Strong evidence has indicated that there are biochemical and morphological abnormalities in certain brain regions of MDD patients and suicide victims [5,6,7]. The purinergic system, which includes not only extracellular nucleosides and nucleotides, such as adenosine and adenosine triphosphate (ATP), but also various receptor subtypes, such as adenosine A1 and A2A receptors, is widely expressed in the central nervous system (CNS) [8]. Several experimental studies have indicated that dysregulation of the purinergic system might play an important role in the pathophysiology of suicide [9,10,11,12] .

Uric acid (UA), as an easily detectable marker, is the final compound generated from the catabolism of purines in humans [13]. As a powerful endogenous antioxidant, UA accounts for more than 60% of free radical scavenging capacity in human blood [14, 15]. Notably, the CNS is considered to be one of the main sites of UA antioxidation [16]. Recently, numerous clinical data suggest that UA might be one of the potential contributing factors in behavioural and neuronal responses. For example, abnormal serum UA levels have been reported in individuals with cognitive dysfunction, dementia, schizophrenia, bipolar disorder, and sleep disorder [17,18,19,20]. The potential involvement of oxidative/antioxidant function in MDD has been demonstrated [21]. Unfortunately, investigations about the causal relationship between UA and MDD have produced inconsistent results and there is still no conclusive evidence [22,23,24]. To date, few studies have been designed to explore the association between UA and suicide. Recently, promising findings from Bartoli and his team have shown an inverse relationship between UA levels and severity of suicidal ideation in individuals with major affective disorders [25, 26] . However, some confounding factors such as glucose and lipid metabolism, renal function and prescribed medications were not controlled in these studies.

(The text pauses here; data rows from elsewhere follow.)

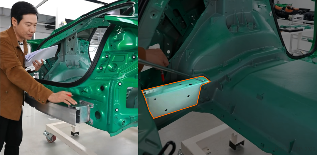 纵梁的后半段,小米则是额外继续通过结构加强,避免乘员舱被侵入。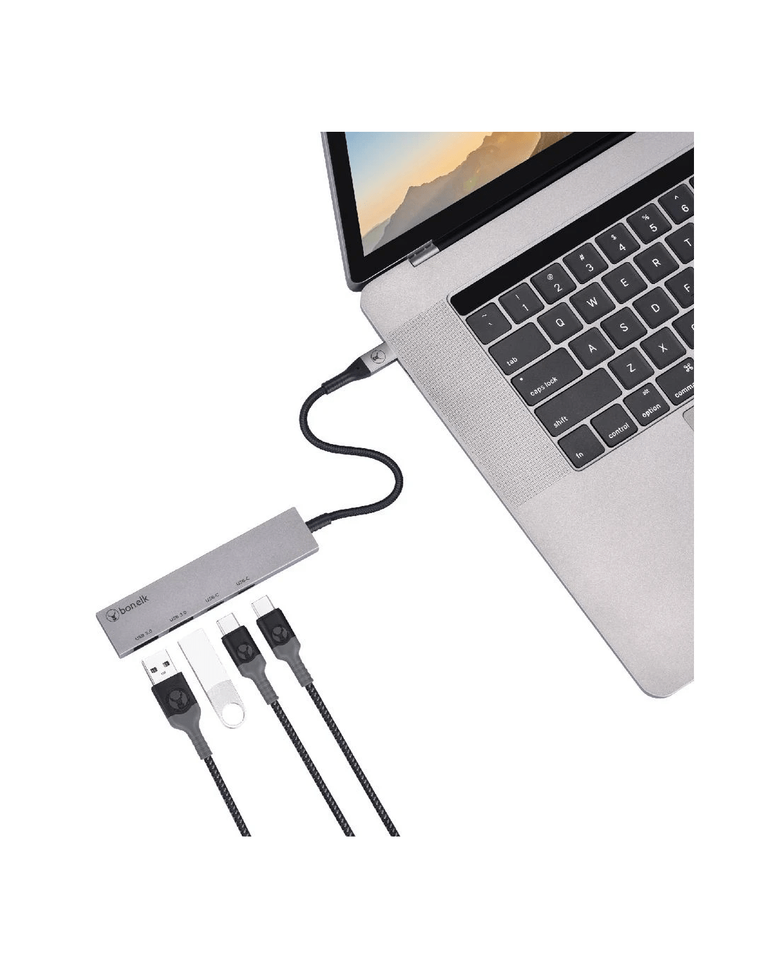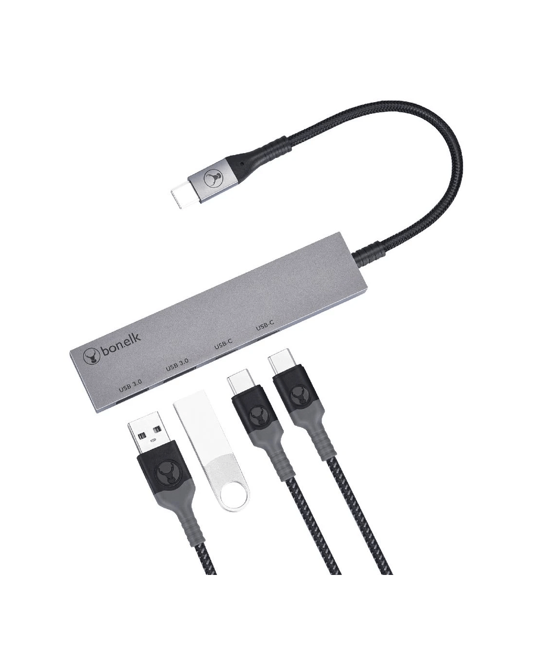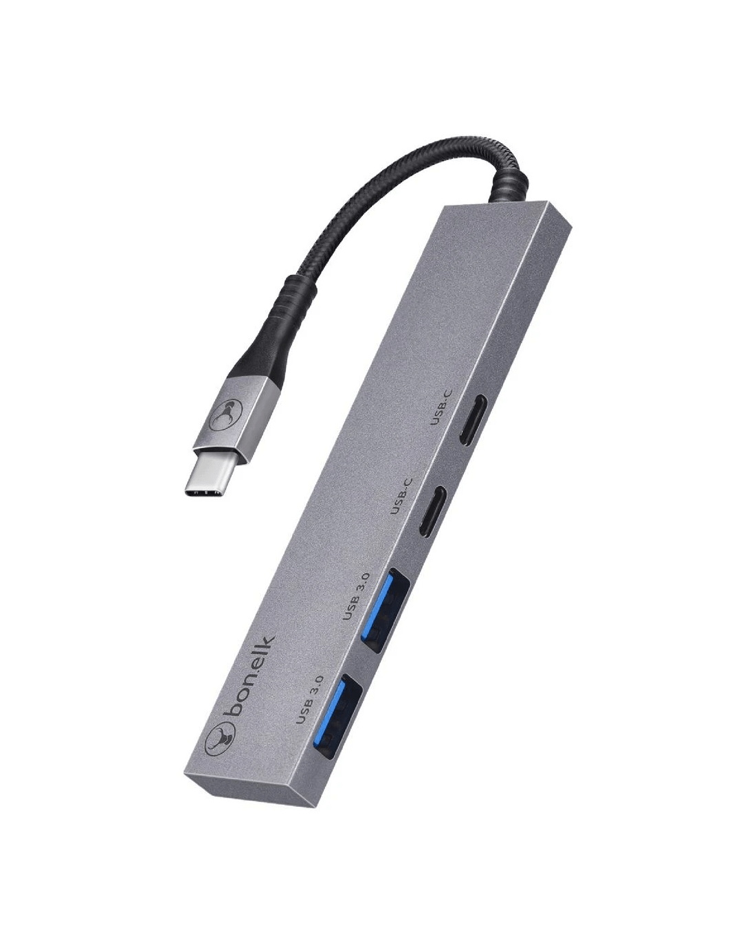Sold by OfficeworksBonelk Long-Life USB-C to USB-C/A 4 Port Slim Hub Space Grey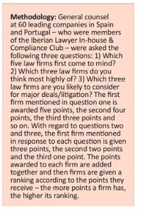 In-house lawyers at leading companies in Spain and Portugal were surveyed to find out which were the best law firm brands in both countries. The power of the brand is calculated using a methodology commonly employed by legal researchers and consultants worldwide. Survey participants are asked three questions: Which five law firms first come to mind? Which three law firms do you think most highly of? And, which three law firms are you likely to consider for major deals/litigation?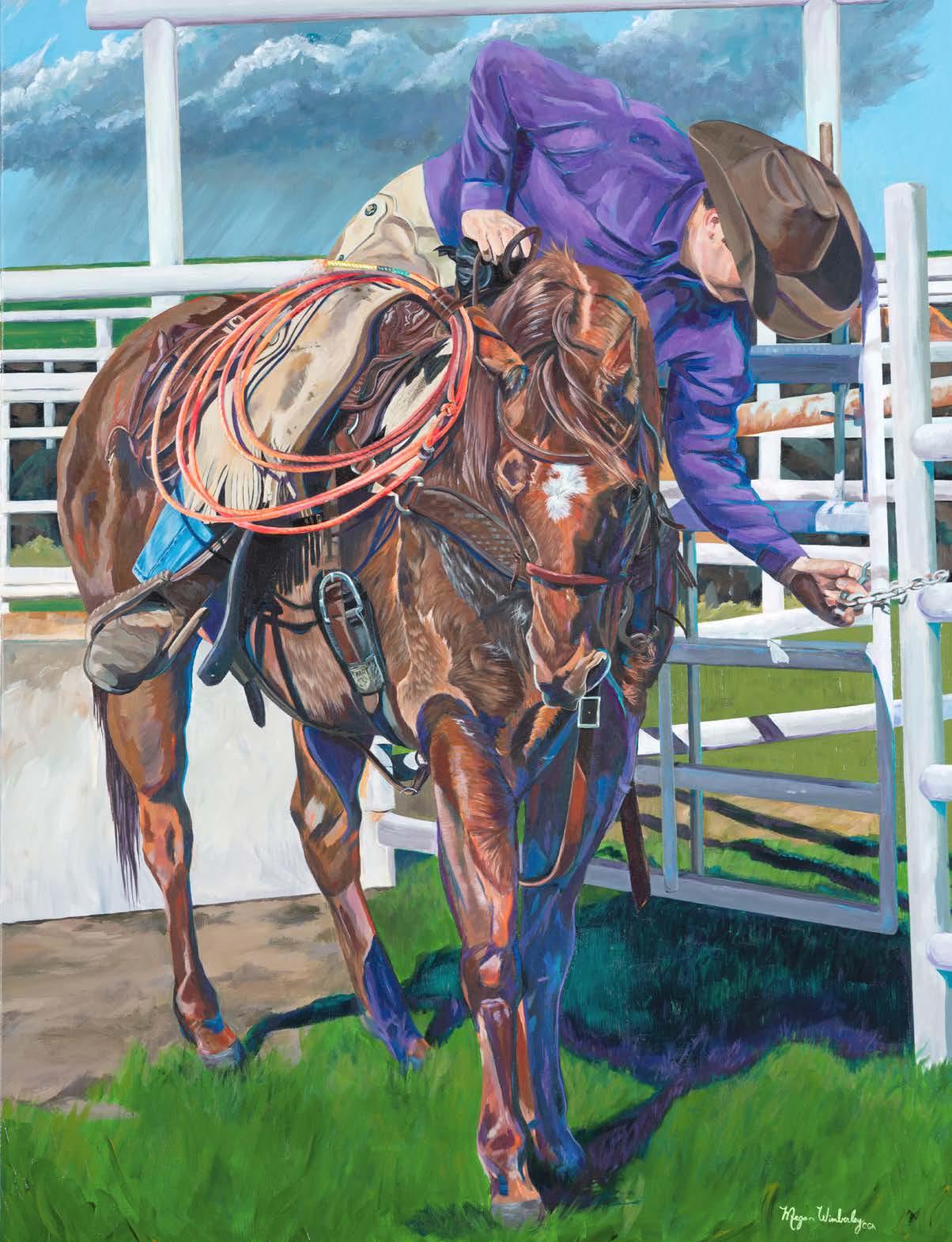 Wimberley also brings her experience in the western/ranch lifestyle to her art, exhibiting the hard work of ranchers and bringing awareness to the work women do in these spaces. She is the founder of Cowgirl Artists of America, which strives to increase opportunities and recognition for female artists and makers working in the Western genre through community, education, promotion, and collaboration. Wimberley’s work has been exhibited in the Mountain Oyster Show, Cowgirl Up! at Desert Caballeros Western Museum, The Cowgirl Gathering, and Women’s Work at the A.R. Mitchell Museum of Western Art, among others.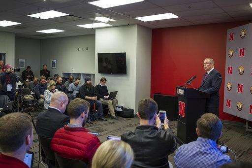Nebraska athletic director Bill Moos speaking to the press about the firing of the head coach Mike Riley in Lincoln, Neb., Saturday, Nov. 25, 2017. (AP Photo/John Peterson) The Associated Press

In consideration of the relationship between UA levels and MDD or suicide risk remains poorly understood, we carried out this study aimed at investigating and comparing serum UA levels in MDD patients with or without suicide risk. It is well known that females are more likely to suffer from depression and to attempt suicide [27, 28] than males, and sex is one of the most important factors affecting serum UA levels. Previous evidence indicates that UA levels in men are higher than those in women in both the normal population and MDD patients [26]. Moreover, antidepressant treatment may significantly affect serum UA levels [29]. Therefore, only untreated female subjects were allowed to participate in the present study. Based on existing data, we generated the following hypotheses: 1) serum UA levels in the patient groups would be significantly lower than those in the healthy control group [2]; there would be a significant relationship between decreased serum UA levels and suicide risk in patients with MDD.

Methods

Subjects

All patients were consecutively recruited from January 2016 to December 2017 in Beijing HuiLongGuan Hospital, a major psychiatric hospital with over 1000 psychiatric hospital beds in Beijing, China. The study was approved by the Ethics Committee of Beijing HuiLongGuan Hospital, and all participants provided written informed consent in accordance with National Health and Medical Research Council guidelines.

Eligible newly admitted patients were female, aged 18–65 years, Han ethnicity, non-medicated in the past month, and had a Diagnostic and Statistical Manual of Mental Disorders, fourth edition (DSM-IV) diagnosis of MDD, the scores of 17 item Hamilton Depression Rating Scale (HAMD-17) ≥17. The exclusion criteria were as follows: (1) patients in a remission state; (2) patients with other diagnoses such as organic mental disorders, alcohol use disorders, psychotic disorders, mental retardation, neurological illness, renal disease and endocrinal dysfunction or another medical illness which would affect UA levels; and (3) patients who had undergone treatment with electroconvulsive therapy (ECT) within the last month. (4) being pregnant or breastfeeding.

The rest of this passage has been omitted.